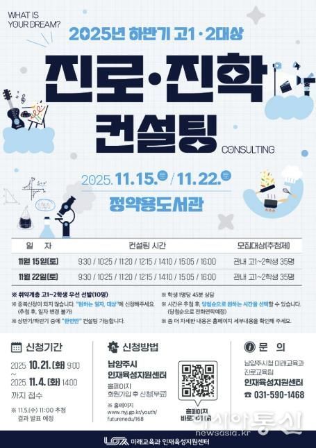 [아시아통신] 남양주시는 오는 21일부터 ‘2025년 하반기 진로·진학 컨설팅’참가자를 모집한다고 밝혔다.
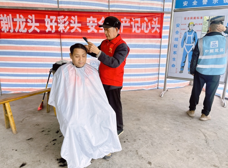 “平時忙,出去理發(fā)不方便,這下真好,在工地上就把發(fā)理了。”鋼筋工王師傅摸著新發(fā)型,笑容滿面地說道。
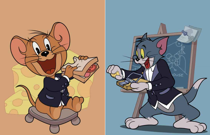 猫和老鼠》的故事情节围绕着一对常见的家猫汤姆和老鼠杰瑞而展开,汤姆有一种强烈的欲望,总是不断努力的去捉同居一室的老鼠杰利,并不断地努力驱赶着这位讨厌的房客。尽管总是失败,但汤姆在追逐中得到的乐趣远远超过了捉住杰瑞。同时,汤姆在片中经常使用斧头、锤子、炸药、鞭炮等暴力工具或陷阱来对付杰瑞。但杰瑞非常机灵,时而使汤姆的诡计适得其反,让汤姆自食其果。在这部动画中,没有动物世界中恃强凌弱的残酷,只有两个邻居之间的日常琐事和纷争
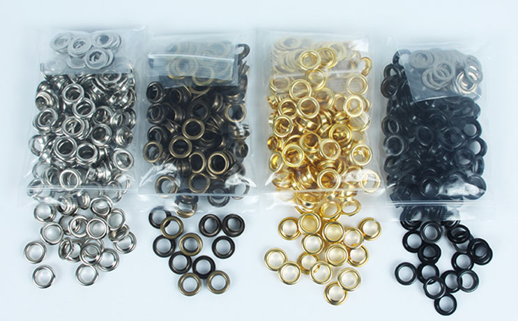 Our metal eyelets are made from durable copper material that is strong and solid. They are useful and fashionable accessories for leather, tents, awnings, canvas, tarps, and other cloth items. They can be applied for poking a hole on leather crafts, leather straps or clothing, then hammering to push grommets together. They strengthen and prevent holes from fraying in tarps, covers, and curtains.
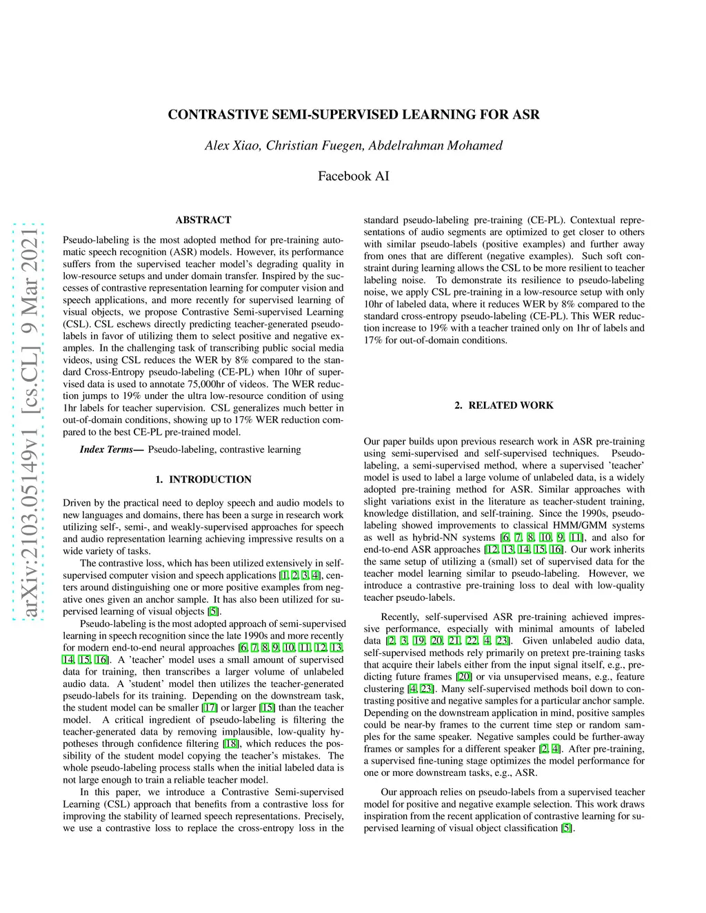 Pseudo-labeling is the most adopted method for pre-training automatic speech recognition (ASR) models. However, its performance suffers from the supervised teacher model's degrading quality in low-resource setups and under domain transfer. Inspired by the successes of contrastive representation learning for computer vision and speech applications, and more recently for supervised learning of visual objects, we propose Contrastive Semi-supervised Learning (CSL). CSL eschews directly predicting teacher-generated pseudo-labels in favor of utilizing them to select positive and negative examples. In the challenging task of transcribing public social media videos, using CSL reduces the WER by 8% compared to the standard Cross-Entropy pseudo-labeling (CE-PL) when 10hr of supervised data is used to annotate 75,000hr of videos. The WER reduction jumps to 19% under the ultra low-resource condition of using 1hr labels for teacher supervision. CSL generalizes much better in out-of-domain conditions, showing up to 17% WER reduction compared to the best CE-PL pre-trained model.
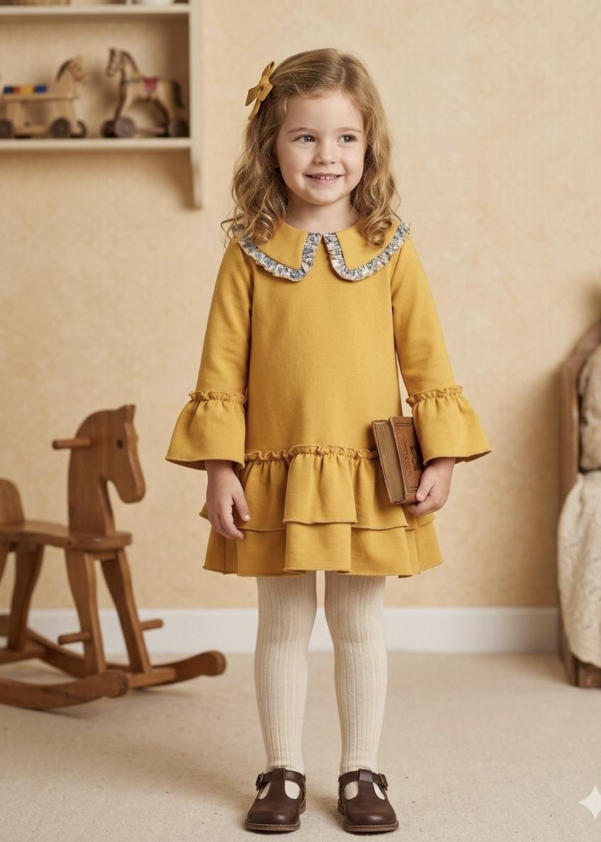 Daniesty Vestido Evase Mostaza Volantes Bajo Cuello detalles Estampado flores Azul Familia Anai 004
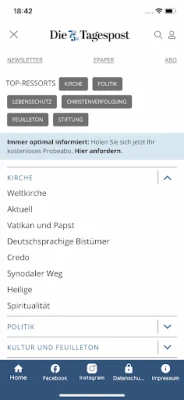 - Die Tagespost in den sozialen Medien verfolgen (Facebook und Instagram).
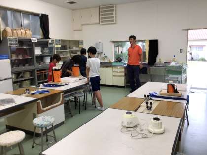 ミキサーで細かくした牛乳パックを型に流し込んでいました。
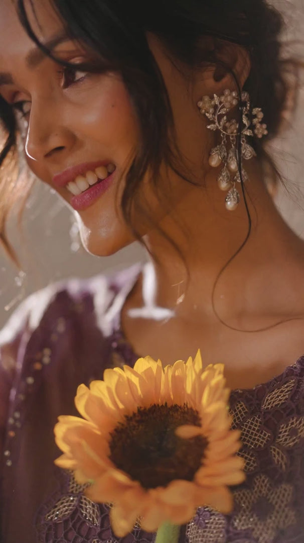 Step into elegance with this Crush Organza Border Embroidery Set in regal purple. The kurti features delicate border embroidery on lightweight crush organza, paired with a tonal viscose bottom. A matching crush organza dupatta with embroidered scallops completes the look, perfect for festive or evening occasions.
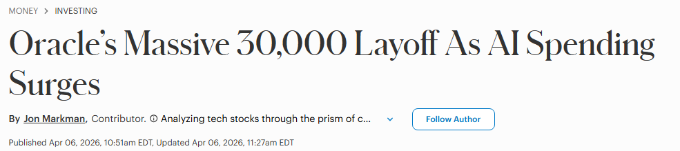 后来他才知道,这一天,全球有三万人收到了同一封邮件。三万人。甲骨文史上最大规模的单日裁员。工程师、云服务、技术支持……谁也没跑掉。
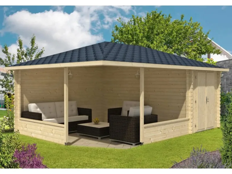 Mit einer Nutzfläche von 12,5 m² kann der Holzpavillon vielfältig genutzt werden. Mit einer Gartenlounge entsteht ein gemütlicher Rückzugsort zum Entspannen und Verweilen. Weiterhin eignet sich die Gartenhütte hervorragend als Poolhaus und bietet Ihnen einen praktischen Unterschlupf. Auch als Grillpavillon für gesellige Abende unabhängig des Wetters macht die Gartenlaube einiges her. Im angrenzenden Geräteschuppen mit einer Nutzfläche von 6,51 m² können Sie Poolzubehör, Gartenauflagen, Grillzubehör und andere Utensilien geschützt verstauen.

● Work request: Make an exact copy of the lines above, beginning with the line with "Step into elegance" and ending with the line with "后来他才知道,这一天,全球有", and keep the pictures out of it.

● Response to this exercise:
 Step into elegance with this Crush Organza Border Embroidery Set in regal purple. The kurti features delicate border embroidery on lightweight crush organza, paired with a tonal viscose bottom. A matching crush organza dupatta with embroidered scallops completes the look, perfect for festive or evening occasions.
 后来他才知道,这一天,全球有三万人收到了同一封邮件。三万人。甲骨文史上最大规模的单日裁员。工程师、云服务、技术支持……谁也没跑掉。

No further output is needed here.